The influence of larval migration and dispersal depth on potential larval trajectories of a deep-sea bivalve

Abstract

Many fundamental questions in marine ecology require an understanding of larval dispersal and connectivity, yet direct observations of larval trajectories are difficult or impossible to obtain. Although biophysical models provide an alternative approach, in the deep sea, essential biological parameters for these models have seldom been measured empirically. In this study, we used a biophysical model to explore the role of behaviorally mediated migration from two methane seep sites in the Gulf of Mexico on potential larval dispersal patterns and population connectivity of the deep-sea mussel “Bathymodiolus” childressi, a species for which some biological information is available. Three possible larval dispersal strategies were evaluated for larvae with a Planktonic Larval Duration (PLD) of 395 days: (1) demersal drift, (2) dispersal near the surface early in larval life followed by an extended demersal period before settlement, and (3) dispersal near the surface until just before settlement.
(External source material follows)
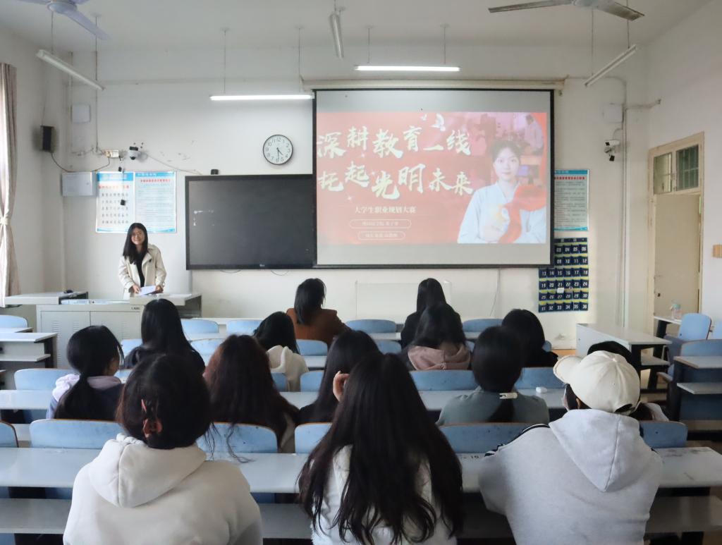 11月1日,新葡的京集团8814在人文楼607教室举办2024年大学生职业生涯规划大赛,学院辅导员孔宪巍、郗金月出席活动,各年级学生代表现场观摩比赛。

Upward swimming speeds varied in the model based on the best data available. Average dispersal distances for simulated larvae varied between 16km and 1488km. Dispersal in the upper water column resulted in the greatest dispersal distance (1173km ± 2.00), followed by mixed dispersal depth (921km ± 2.00). Larvae originating in the Gulf of Mexico can potentially seed most known seep metapopulations on the Atlantic continental margin, whereas larvae drifting demersally cannot (237km ± 1.43). Depth of dispersal is therefore shown to be a critical parameter for models of deep-sea connectivity.